» **Collected data**
▶

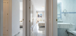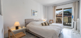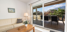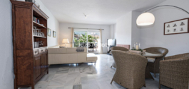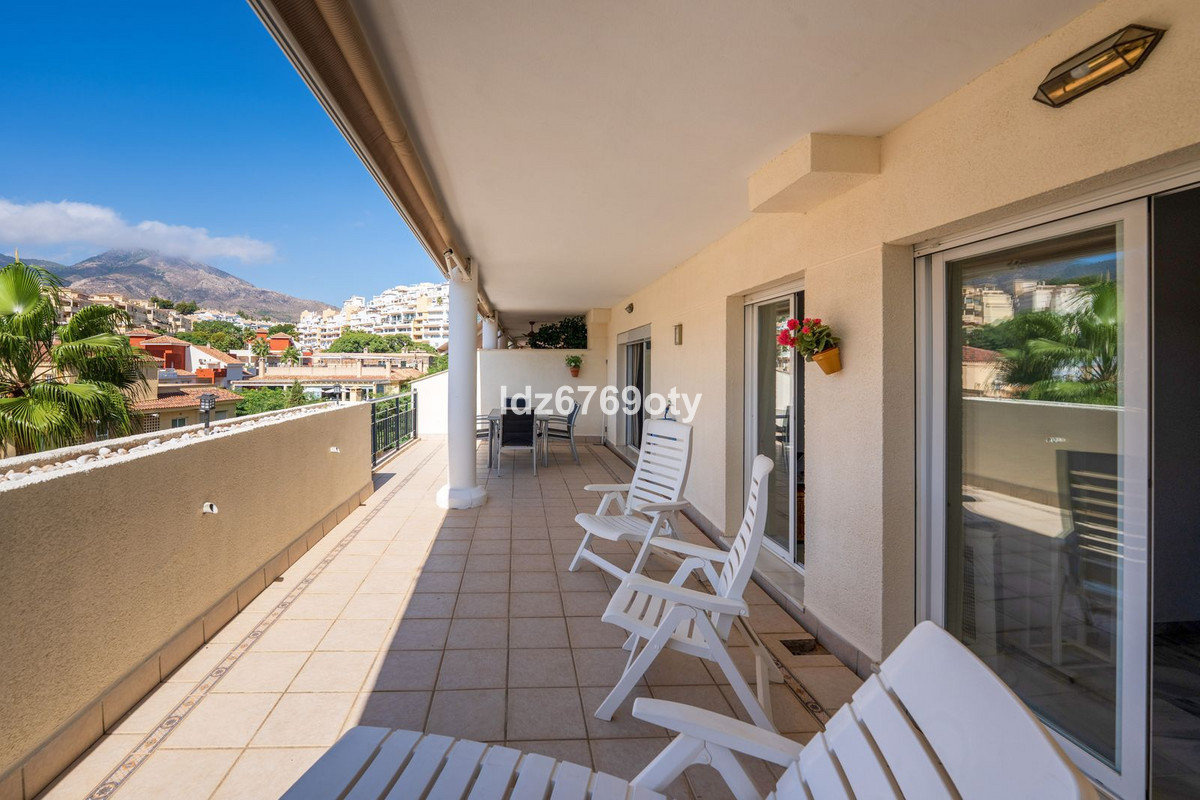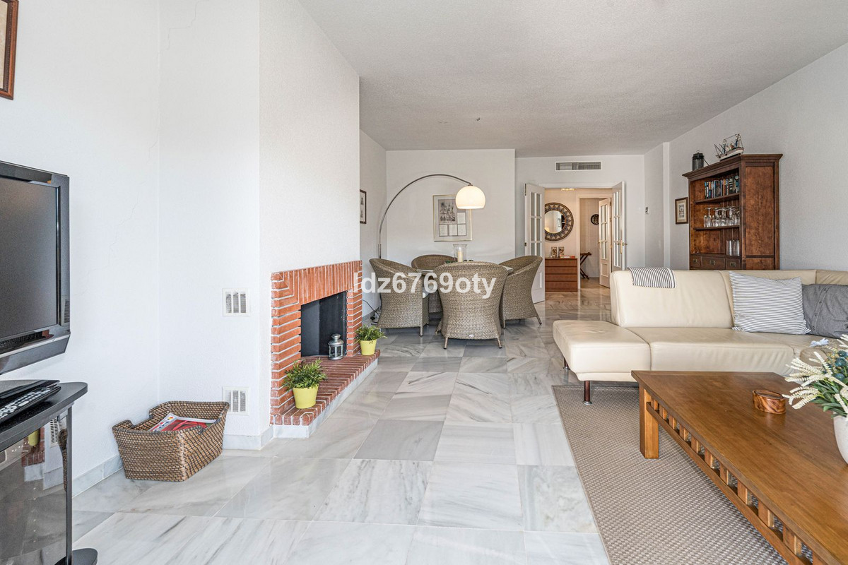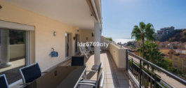 Het appartement met 3 slaapkamers, dat in uitstekende staat verkeert, heeft een woonoppervlakte van 120m2, ligt op het zuidwesten en bevindt zich op de 1e verdieping. Via de hoofdingang is er een rolstoellift naar de normale lift die je naar zowel de verschillende verdiepingen als de inpandige garage brengt. De flat is daarom gemakkelijk toegankelijk voor rolstoelen. De neutraal ingerichte flat is volledig gemeubileerd, voorzien van airconditioning/verwarming en heeft snelle Wi-Fi. De open en ruime keuken biedt diverse inbouwapparatuur, waaronder een vaatwasser, oven, magnetron, koelkast/vriezer en een keramische kookplaat. Vanuit de keuken heb je toegang tot een privé patio van 35m2 die op vele manieren gebruikt kan worden. Vanuit de eet/woonkamer met een gezellige open haard is er direct toegang tot het ruime terras van 40m2 met uitzicht op zee en ruimte voor zowel diverse ligstoelen als een eethoek voor 6 personen. De ruime hoofdslaapkamer heeft inbouwkasten en directe toegang tot het terras. De en-suite badkamer heeft dubbele wastafels, een bad/douche en een toilet. De tweede slaapkamer heeft inbouwkasten en ook toegang tot het terras en deelt samen met de derde slaapkamer een aparte tweede badkamer met een bad/douche en een toilet. De flat heeft ook een wasruimte met een wasmachine en een droger. In de ondergrondse parkeergarage is er een persoonlijke berging en 2 privéparkeerplaatsen.
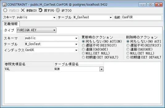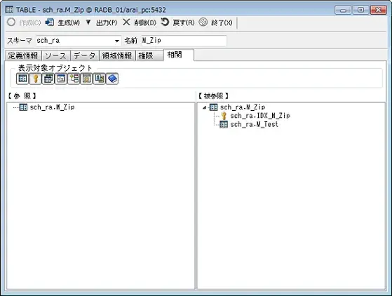 画面中段では参照整合性の対象となるテーブル名及びスキーマ、
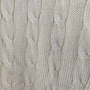 In excellent condition, this long sleeve nautical preppy tennis prep academia country club old money chic quiet luxury clean girl style sweater is perfect for layering for fall and done in a beautiful neutral off white color. Plus size 3X. Goldtone round logo buttons at one shoulder. Crewneck scoop scoopneck crew neck neckline. Allover cable detailing. Raglan sleeve detail. Side slits. Cotton Viscose blend, the Viscose adds a subtle allover sheen and cool soft touch with more fluidity than an all cotton RL LRL sweater. Rib knit trim at cuffs, neckline and hem. Cable rope stitch detail in vertical alternating panels of design. 25" pit to pit and 25" long: measurements are approximate. Coastal Grandma Emily Gilmore in Paris style.
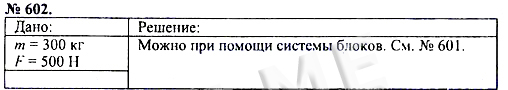 Подробный вариант решения из решебника (ГДЗ): Номер номер 602 (НОМЕРА РЕШЕНИЙ) по предмету Физика, за 7 класс, авторы учебника А.В. Пёрышкин.

◀

Without the pictures, transcribe the lines from the one containing "画面中段では参照整合性の対象となるテーブル名及びスキーマ、" through the end of the data, exactly and only those.

 画面中段では参照整合性の対象となるテーブル名及びスキーマ、
 In excellent condition, this long sleeve nautical preppy tennis prep academia country club old money chic quiet luxury clean girl style sweater is perfect for layering for fall and done in a beautiful neutral off white color. Plus size 3X. Goldtone round logo buttons at one shoulder. Crewneck scoop scoopneck crew neck neckline. Allover cable detailing. Raglan sleeve detail. Side slits. Cotton Viscose blend, the Viscose adds a subtle allover sheen and cool soft touch with more fluidity than an all cotton RL LRL sweater. Rib knit trim at cuffs, neckline and hem. Cable rope stitch detail in vertical alternating panels of design. 25" pit to pit and 25" long: measurements are approximate. Coastal Grandma Emily Gilmore in Paris style.
 Подробный вариант решения из решебника (ГДЗ): Номер номер 602 (НОМЕРА РЕШЕНИЙ) по предмету Физика, за 7 класс, авторы учебника А.В. Пёрышкин.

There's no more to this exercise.